§ WORK TO COMPLETE: Retype the material below exactly, from its first line through the line with "Cassone posteriore in"; the pictures stay out.

§ GIVEN INFORMATION:
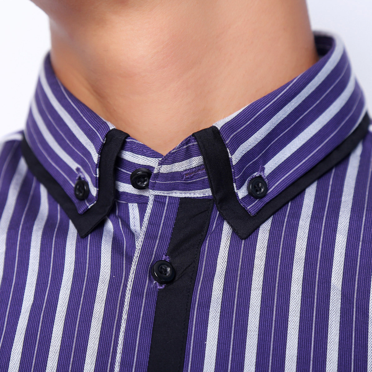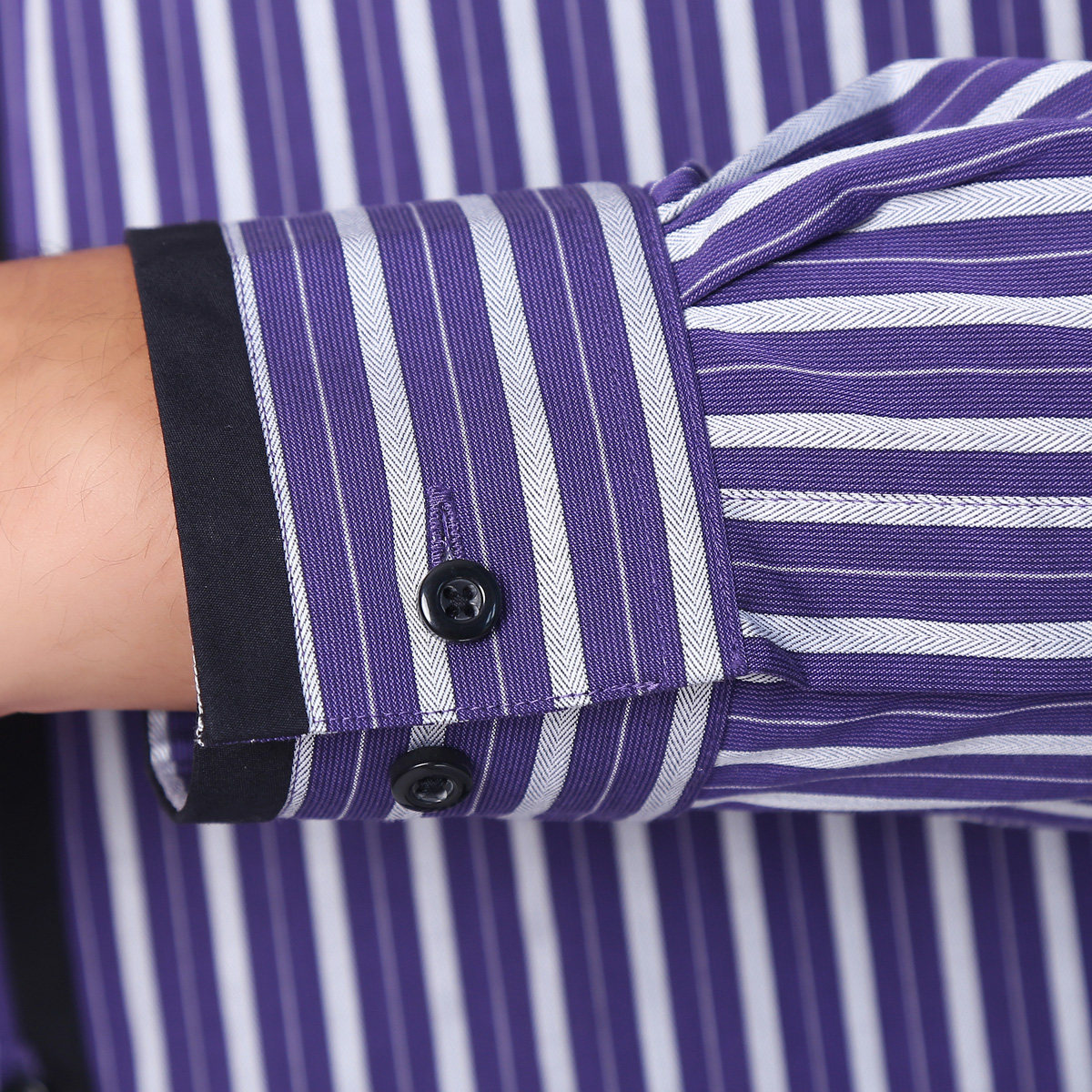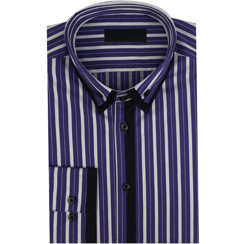 双层领条纹衬衫男长袖宽松男士商务休闲纯棉免烫长袖衬衫男丝光棉
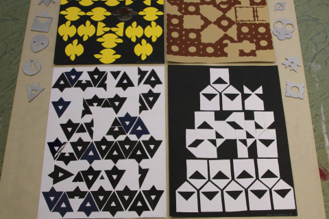 6. Tříštění a obnovení – dělením, množením, odebráním, překlápěním, rytmickým řazením, vychýlením…použít vzniklý znak ve větší ploše.
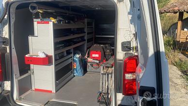 Cassone posteriore in ottime condizioni con pianale e rivestimento su misura, ganci di ancoraggio per materiale e scaffalatura su misura che si vede in foto
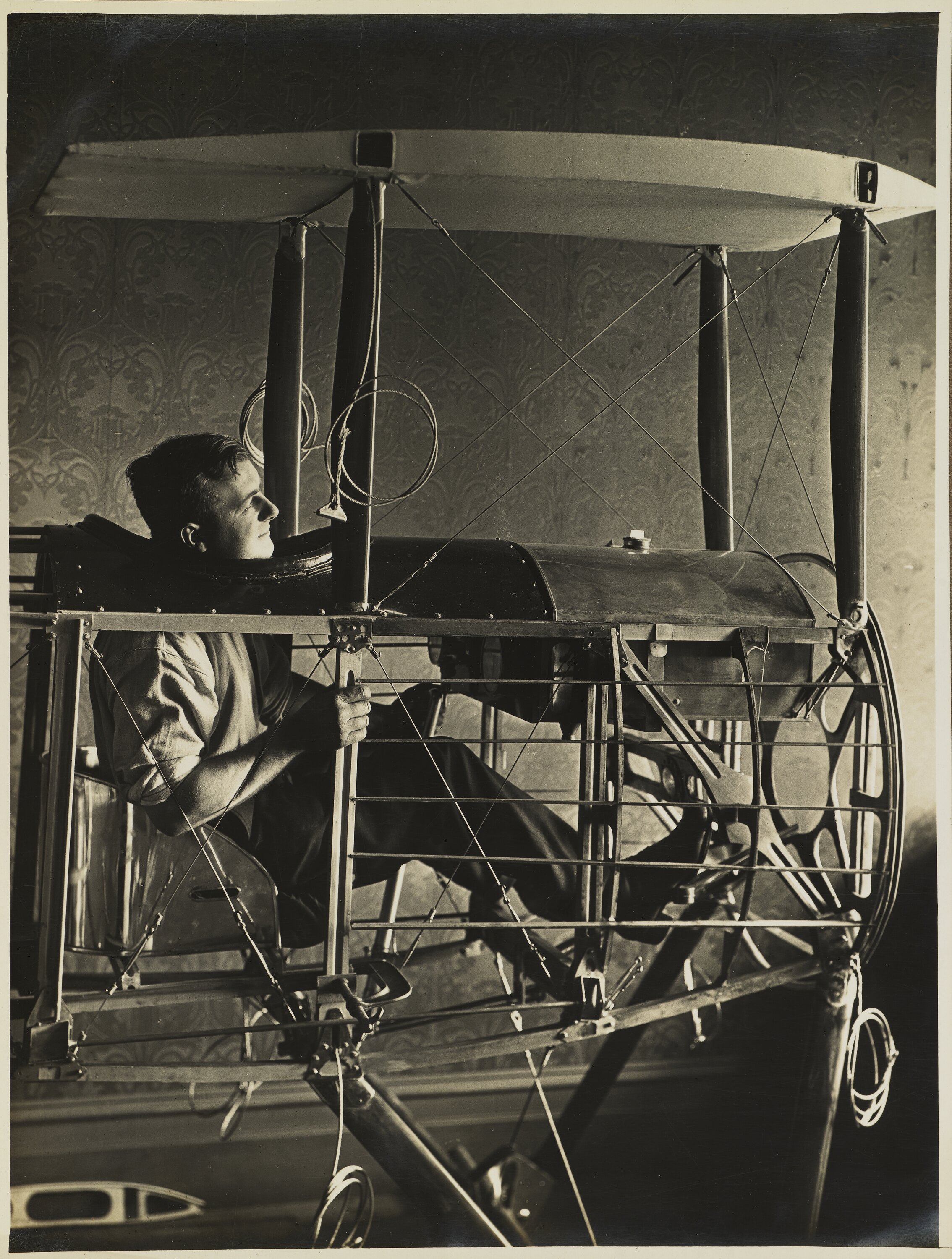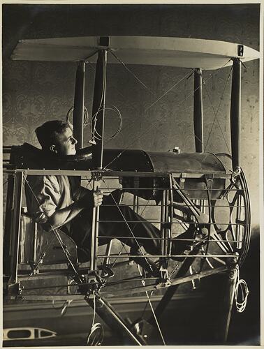 Side on portrait of Basil Waton seated in the cockpit of his partially completed biplane fuselage in the billiard room of the Watson family home 'Foilacleugh' in Elsternwick, Victoria. Watson is gazing straight ahead (to the right) over the top of the fuel tank which will supply benzine for the Gnome rotary engine he is planning to fit to the plane. His feet are resting on the rudder pedal and his left hand it gripped around the joystick, while is right hand is holding a vertical member of the timber fuselage frame. The fuselage is still an open frame, yet to be covered with its fabric and metal skin. In the background the wall is covered in dark wallpaper with an embossed 'fleur de lis' style pattern reflecting the popular architectural and home decorating style of the early 1910s.

§ TASK RESPONSE:
 双层领条纹衬衫男长袖宽松男士商务休闲纯棉免烫长袖衬衫男丝光棉
 6. Tříštění a obnovení – dělením, množením, odebráním, překlápěním, rytmickým řazením, vychýlením…použít vzniklý znak ve větší ploše.
 Cassone posteriore in ottime condizioni con pianale e rivestimento su misura, ganci di ancoraggio per materiale e scaffalatura su misura che si vede in foto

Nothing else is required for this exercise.